Under the current system stamp duty is charged slab-style, so once a threshold is passed, a percentage must be paid on the full property price.
For example, a buyer purchasing a £249,000 flat would pay one per cent on their purchase, handing £2,490 to the taxman, but a buyer paying £251,000 would pay three per cent, which equates to £7,530.
Campaigners have called for stamp duty to be reformed to become a marginal-style tax such as income tax, where the higher rate is only paid on the amount above the threshold. Other options include raising the thresholds in line with property inflation.
According to Halifax, if the higher thresholds had been increased in line with house-price inflation since 1997 - when the £250,000 and £500,000 thresholds were introduced - the £250,000 threshold would now stand at £650,000, while the £500,000 would be £1.3 million.
Fledgling buyers pay up
The problems facing first-time buyers were highlighted by a Council of Mortgage Lenders report showing that 58 per cent paid stamp duty in April – compared to 51 per cent in the same month a year earlier.

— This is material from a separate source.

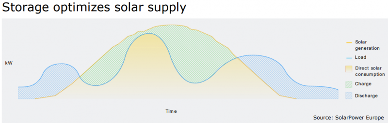 首先,我們從光伏發(fā)電特點(diǎn)和電網(wǎng)用電特點(diǎn)來看。圖一黃色的光伏發(fā)電曲線的計(jì)算模型中,僅有部分與用電曲線重合。裝配儲能系統(tǒng)后,當(dāng)光伏發(fā)電量大于用電量,儲能處于充電狀態(tài);當(dāng)用電量大于光伏發(fā)電量,儲能處于放電狀態(tài)。儲能系統(tǒng)充當(dāng)了一個很好的“能源調(diào)節(jié)器”,從而解決了“棄光”這個問題
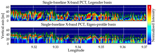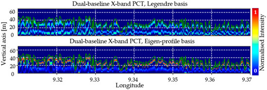 In this context, Polarisation Coherence Tomography (PCT) was proposed as an attractive alternative approach for the reconstruction of 3D radar reflectivity of volume scatterers from a small set of, even single, interferometric coherence measurements [20,21,22,23,24,25]. PCT expresses the vertical reflectivity profile as a series expansion in a given set of basis functions assuming prior knowledge of forest height and ground terrain elevation. The expansion coefficients are estimated from the interferometric coherence measurements.

The growing number of first-time buyers forced to pay at least £1,250 in stamp duty is despite the threshold being raised from £120,000 to £125,000 in April 2006.

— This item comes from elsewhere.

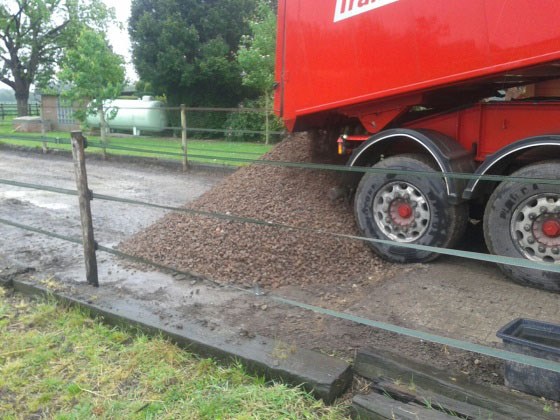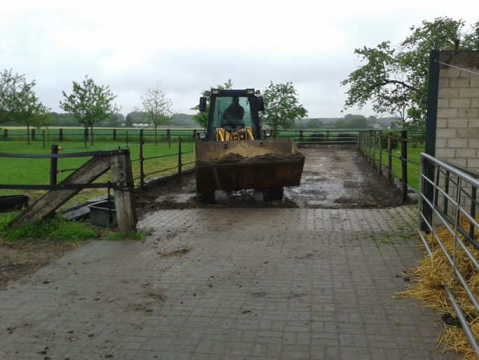 Der Paddock wurde zunächst von der Matsche befreit und etwa 40 cm tief ausgeschachtet.

The problem is most acute in London and the surrounding area, where properties costing less than £125,000 are extremely scarce and agents have reported a leap in the number of first-time buyers paying above the £250,000 stamp duty threshold. This has led to increasing amounts of new buyers having to find at least £7,500 to pay in tax, in addition to borrowing larger sums.
Research by comparison website Moneyexpert.com has shown the difficulties facing first-time buyers in saving up for a deposit and stamp duty, which has led to the number of 100 per cent mortgages more than doubling in the past year, from 60 to 127.
Sean Gardner of Moneyexpert.com says: "Often it’s the youngest applicants who are worst affected by high interest rates as getting onto the property ladder becomes more difficult."
High house prices and the ratcheting up of the Bank of England baseb rate to 5.5 per cent also mean that first-time buyers are paying out the biggest chunk of income on mortgage interest repayments since 1992 – when the bank rate stood at 10 per cent.
The CML says the proportion of first-time buyers' incomes paid out on mortgage interest rose to 18.7 per cent in April, although this remains considerably below the 27 per cent of income needed in 1990, at the peak of the last housing boom.
Rapid house-price growth over the past year has seen the cost of the average home rise by 10.6 per cent to £196,893, according to Halifax's house price index. Over the same period, the average London home has risen in value by 14.9 per cent to £297,132.
However, recent figures from Halifax, Nationwide and the Royal Institution of Chartered Surveyors have shown growth starting to tail off as a result of the Bank of England’s four rate hikes since last August.
Helen Adams, of first-time buyers' campaign group First Rung Now, says that while potential home-owners will welcome a slowdown, it may also benefit the property investors they are competing against.
She says: "This is good news as it makes properties slightly more accessible to first-time buyers - but also to buy-to-let investors. The Government could do more to help aspiring first-time buyers by disincentivising the buy-to-let landlords, helping first-timers with stamp duty and providing more housing for key workers."